━━ Collected material ━━
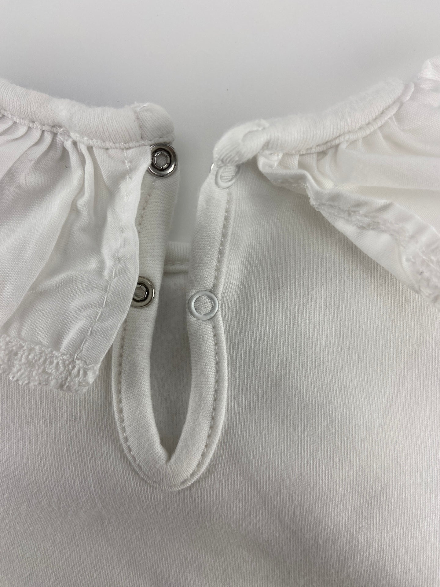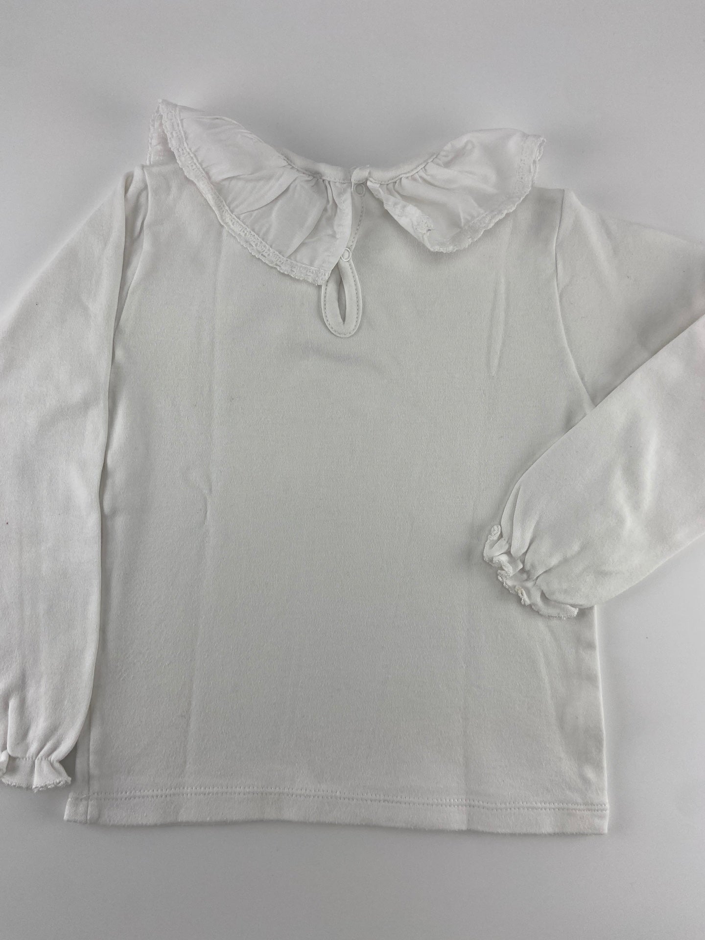 Camisola de golinha com franzido nas mangas em algodão cardado. Com molas nas costas.
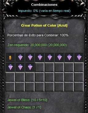 La combinación es muy sencilla. En el ejemplo mostraremos la combinación para la Potion of Color [Blue] a modo de ejemplo. El proceso es el mismo para las otras dos (respetando sus ingredientes correspondientes detallados anteriormente).
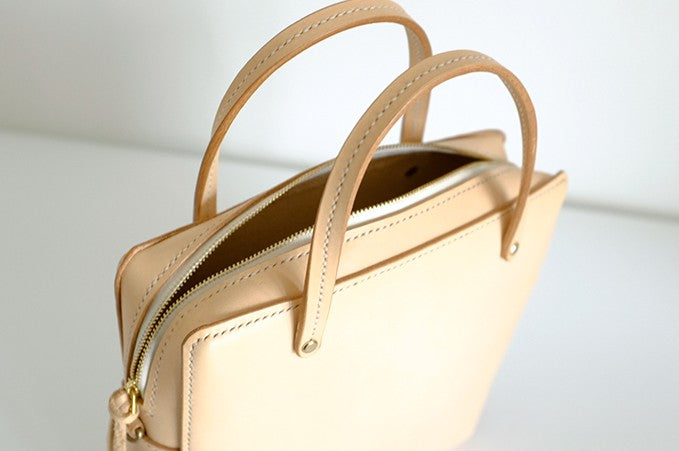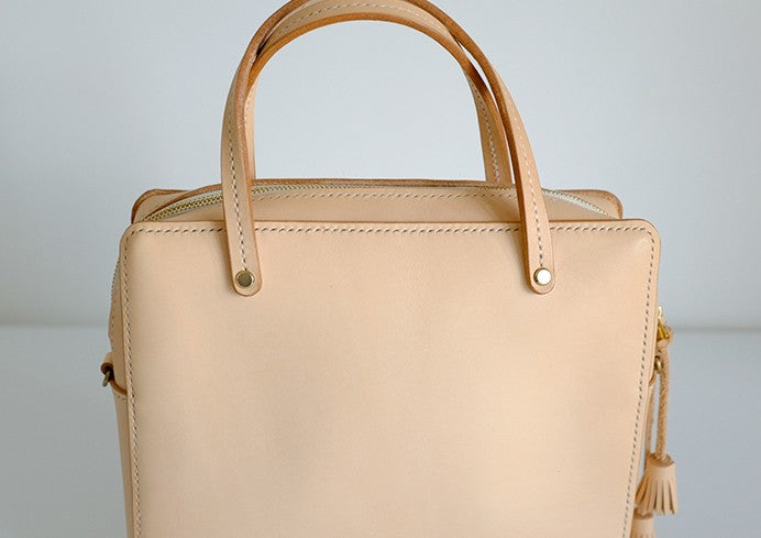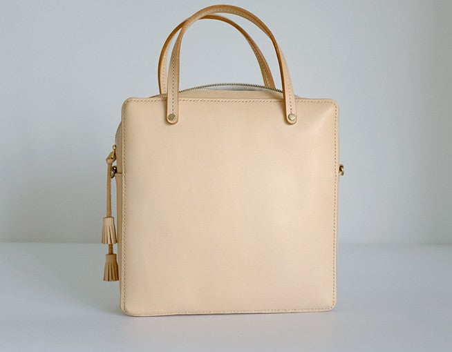Style: Handmade Leather Beige Womens Square Box Handbag Shoulder Bag Purse for Women
━━━
• [Work order]:
Begin with the line containing "La combinación es" and end with the last line of the material above; return exactly those lines, both ends included, and omit all pictures.

• [Expected output]:
 La combinación es muy sencilla. En el ejemplo mostraremos la combinación para la Potion of Color [Blue] a modo de ejemplo. El proceso es el mismo para las otras dos (respetando sus ingredientes correspondientes detallados anteriormente).
Style: Handmade Leather Beige Womens Square Box Handbag Shoulder Bag Purse for Women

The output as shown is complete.